[ABOUT THIS EXERCISE]
The expected output is the full data, repeated exactly, without pictures.

[THE RECORDS]
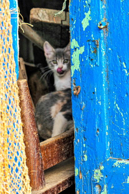The Greek islands are charming , full of colour and many cats peeking out from nooks and crannies
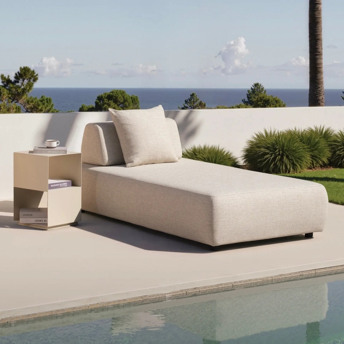 Мягкий лежак Geometry - минималистичный шезлонг для максимального релакса. Алюминиевое основание дополнено матрасом из быстросохнущего поролона в чехле из влагостойкого олефина. Продуманная форма и подушка позволяют принять самое удобное положение для отдыха у бассейна или в саду.
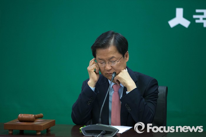 (서울=포커스뉴스) 18일 오전 서울 마포구 국민의당 당사대회의실에서열린 최고위원회의에 참석한 천정배 대표가 회의 중 생각에 잠겨 있다.
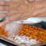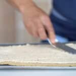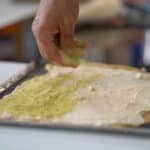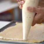 - Roll out pastry into a 4mm thick imperfect sheet. Prick with a fork and freeze.
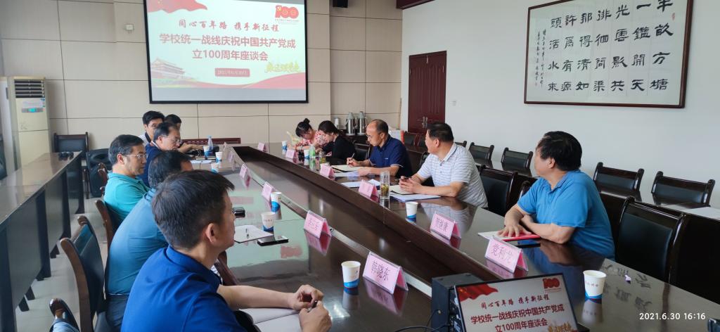 为庆祝中国共产党成立100周年,6月30日下午,bat365中文官方网站统一战线庆祝中国共产党成立100周年座谈会在长安校区德勤楼第一会议室举行,党委副书记权秋虎出席会议,学院民主党派、无党派人士代表参加了会议。会议由统战部常务副部长肖新主持。
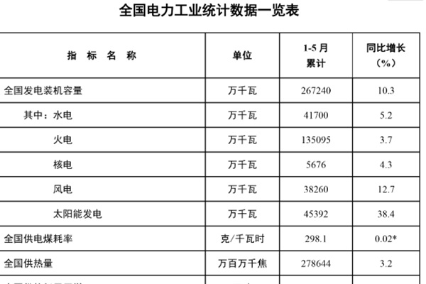 6月20日,国家能源局发布2023年1-5月份全国电力工业统计数据。 截至5月底,全国累计发电装机容量约26.7亿千瓦,同比增长10.3%。其中,太阳能发电装机容量约4.5亿千瓦,同比增长38.4%;风电装机容量约3.8亿千瓦,同比增长12.7%。 1-5月份,全国发电设备累计平均利用1430小时,比上年同期减少32小时。其中,水...
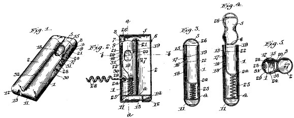 Charles L. Higgins of Springfield, Massachusetts applied for his "Match-Box" patent on April 17, 1895. U. S. Patent Number 553,030 was applied on January 14, 1896. In his application Higgins sums up his invention with the claim "A compound pocket implement comprising a match-box made of two tubes longitudinally secured together and provided with a top and bottom, a cigar-cutter in one of said tubes, a cork-screw foldable into the same tube and a call-whistle upon one end of the device."
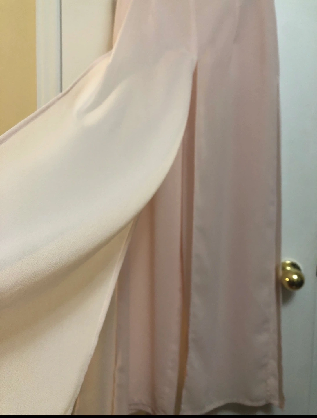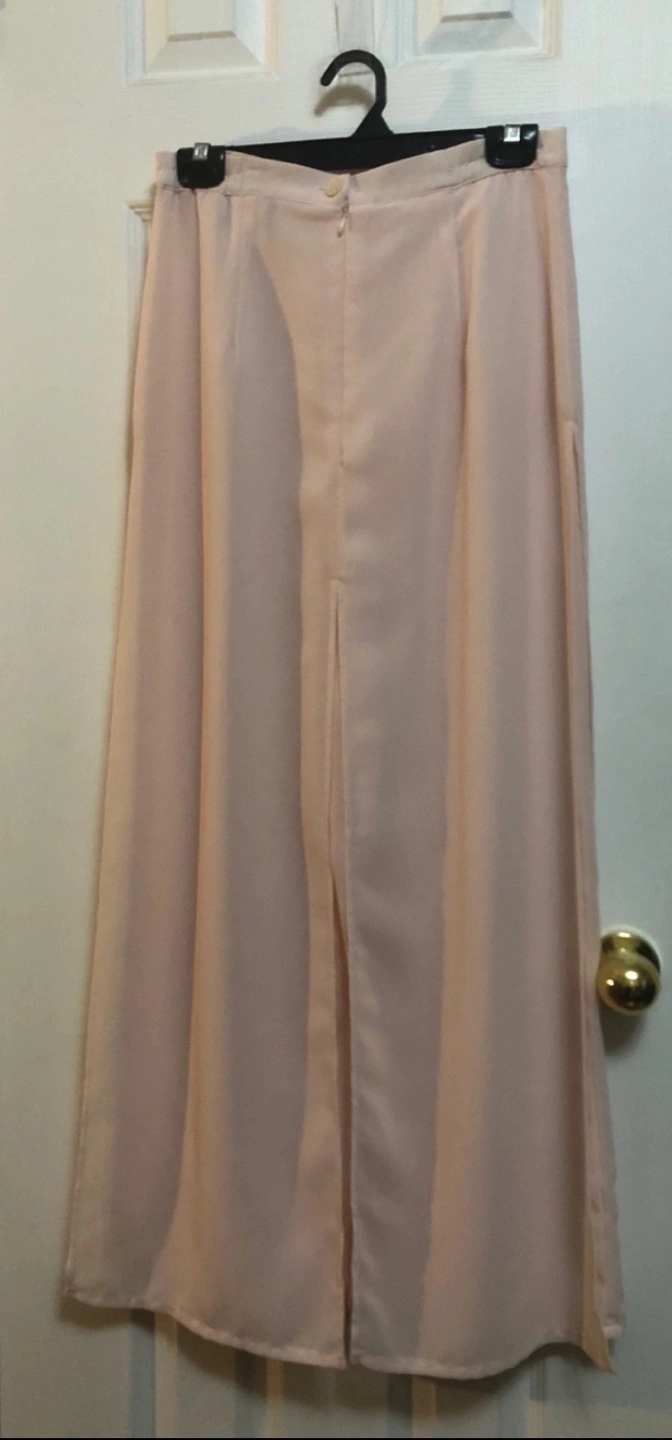 Long, flowing pink maxi skirt pants. Features a centre-back zipper and side slits. Lightweight fabric, perfect for special occasions, very unique design!
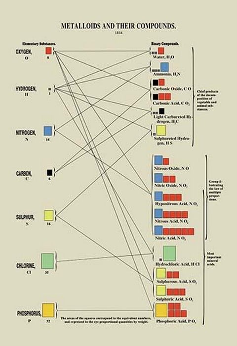 “Metalloids and Their Compounds” is a color plate from the Chemical Atlas; or, The Chemistry of Familiar Objects, authored by American scientific writer, editor, and lecturer Edward Livingston Youmans (1821-1887). This plate, published in 1856, illustrates the compounds of oxygen, hydrogen, nitrogen, carbon, sulfur, chlorine, and phosphorus. Youmans was a pioneer in popularizing science and founded Popular Science magazine. The book contains a total of 13 plates, each conveying scientific information through vivid illustrations.
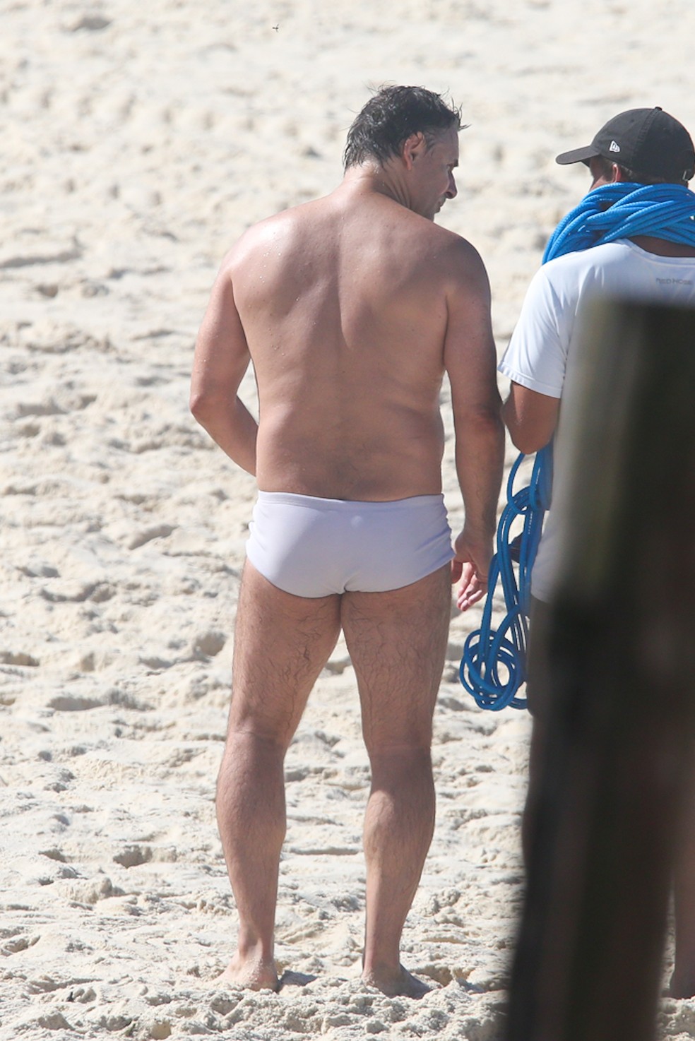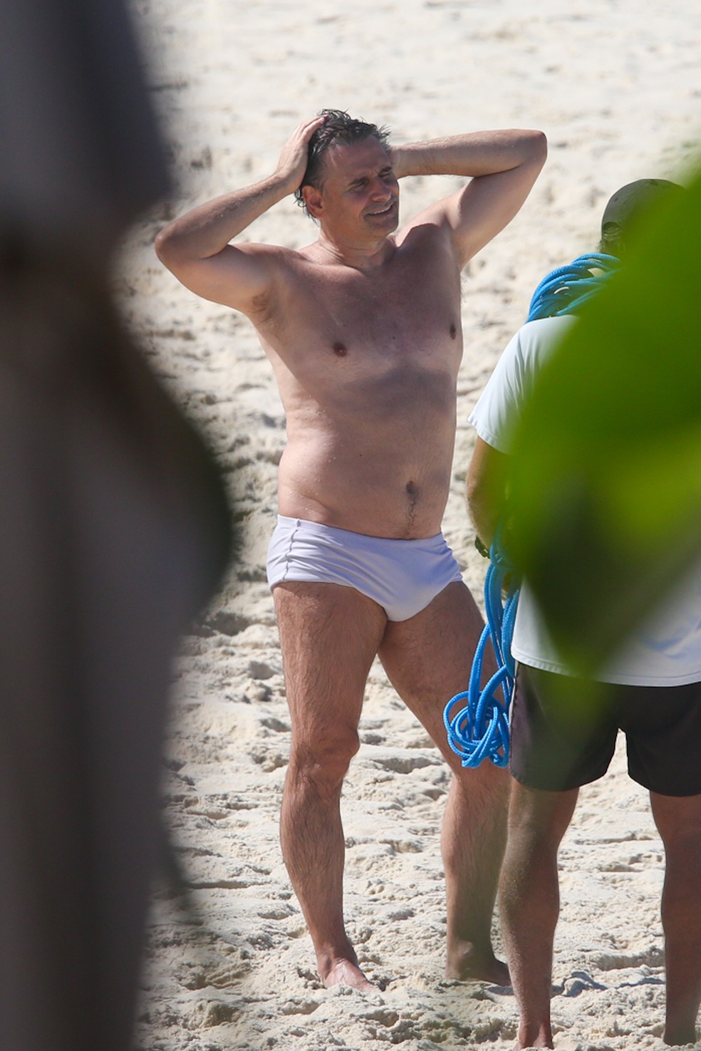 Murilo Rosa, de 55 anos, aproveitou o início da semana para relaxar em uma praia na Barra da Tijuca, na Zona Sudoeste do Rio de Janeiro, ao lado da esposa, a supermodelo Fernanda Tavares, de 45. O ator apareceu de sunga branca, enquanto ela apostou em um look fitness que lembrava um biquíni, completado com boné e óculos de sol.

[ANSWER BOX]
The Greek islands are charming , full of colour and many cats peeking out from nooks and crannies
 Мягкий лежак Geometry - минималистичный шезлонг для максимального релакса. Алюминиевое основание дополнено матрасом из быстросохнущего поролона в чехле из влагостойкого олефина. Продуманная форма и подушка позволяют принять самое удобное положение для отдыха у бассейна или в саду.
 (서울=포커스뉴스) 18일 오전 서울 마포구 국민의당 당사대회의실에서열린 최고위원회의에 참석한 천정배 대표가 회의 중 생각에 잠겨 있다.
 - Roll out pastry into a 4mm thick imperfect sheet. Prick with a fork and freeze.
 为庆祝中国共产党成立100周年,6月30日下午,bat365中文官方网站统一战线庆祝中国共产党成立100周年座谈会在长安校区德勤楼第一会议室举行,党委副书记权秋虎出席会议,学院民主党派、无党派人士代表参加了会议。会议由统战部常务副部长肖新主持。
 6月20日,国家能源局发布2023年1-5月份全国电力工业统计数据。 截至5月底,全国累计发电装机容量约26.7亿千瓦,同比增长10.3%。其中,太阳能发电装机容量约4.5亿千瓦,同比增长38.4%;风电装机容量约3.8亿千瓦,同比增长12.7%。 1-5月份,全国发电设备累计平均利用1430小时,比上年同期减少32小时。其中,水...
 Charles L. Higgins of Springfield, Massachusetts applied for his "Match-Box" patent on April 17, 1895. U. S. Patent Number 553,030 was applied on January 14, 1896. In his application Higgins sums up his invention with the claim "A compound pocket implement comprising a match-box made of two tubes longitudinally secured together and provided with a top and bottom, a cigar-cutter in one of said tubes, a cork-screw foldable into the same tube and a call-whistle upon one end of the device."
 Long, flowing pink maxi skirt pants. Features a centre-back zipper and side slits. Lightweight fabric, perfect for special occasions, very unique design!
 “Metalloids and Their Compounds” is a color plate from the Chemical Atlas; or, The Chemistry of Familiar Objects, authored by American scientific writer, editor, and lecturer Edward Livingston Youmans (1821-1887). This plate, published in 1856, illustrates the compounds of oxygen, hydrogen, nitrogen, carbon, sulfur, chlorine, and phosphorus. Youmans was a pioneer in popularizing science and founded Popular Science magazine. The book contains a total of 13 plates, each conveying scientific information through vivid illustrations.
 Murilo Rosa, de 55 anos, aproveitou o início da semana para relaxar em uma praia na Barra da Tijuca, na Zona Sudoeste do Rio de Janeiro, ao lado da esposa, a supermodelo Fernanda Tavares, de 45. O ator apareceu de sunga branca, enquanto ela apostou em um look fitness que lembrava um biquíni, completado com boné e óculos de sol.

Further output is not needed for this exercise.